Shih S J, Allan C, Grehan S, Tse E, Moran C, Taylor J M
Gladstone Institute of Cardiovascular Disease, San Francisco, California 94141-9100, USA.
J Biol Chem. 2000 Oct 13;275(41):31567-72. doi: 10.1074/jbc.M005468200.
Two distal enhancers that specify apolipoprotein (apo) E gene expression in isolated macrophages and adipose tissue were identified in transgenic mice that were generated with constructs of the human apoE/C-I/C-I'/C-IV/C-II gene cluster. One of these enhancers, multienhancer 1, consists of a 620-nucleotide sequence located 3.3 kilobases (kb) downstream of the apoE gene. The second enhancer, multienhancer 2, is a 619-nucleotide sequence located 15.9 kb downstream of the apoE gene and 5.9 kb downstream of the apoC-I gene. The two enhancers are 95% identical in sequence, and they are likely to have arisen as a consequence of the gene duplication event that yielded the apoC-I gene and the apoC-I' pseudogene. Both enhancer sequences appear to have equivalent activity in directing apoE gene expression in peritoneal macrophages and in adipocytes, suggesting that their activity in specific cell types may be determined by common regulatory elements.
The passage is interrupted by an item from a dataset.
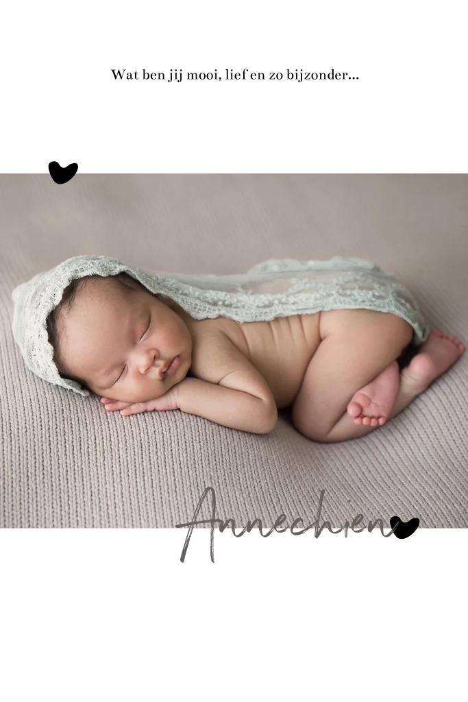 Lief geboortekaartje met foto en hartjes

在用人类载脂蛋白E/载脂蛋白C-I/载脂蛋白C-I'/载脂蛋白C-IV/载脂蛋白C-II基因簇构建体生成的转基因小鼠中,鉴定出了两个在分离的巨噬细胞和脂肪组织中特异性调控载脂蛋白(apo)E基因表达的远端增强子。其中一个增强子,即多增强子1,由位于apoE基因下游3.3千碱基(kb)处的一段620个核苷酸的序列组成。第二个增强子,多增强子2,是一段619个核苷酸的序列,位于apoE基因下游15.9 kb以及apoC-I基因下游5.9 kb处。这两个增强子的序列有95%相同,它们可能是由于产生apoC-I基因和apoC-I'假基因的基因复制事件而出现的。在指导腹膜巨噬细胞和脂肪细胞中的apoE基因表达方面,这两个增强子序列似乎具有同等活性,这表明它们在特定细胞类型中的活性可能由共同的调控元件决定。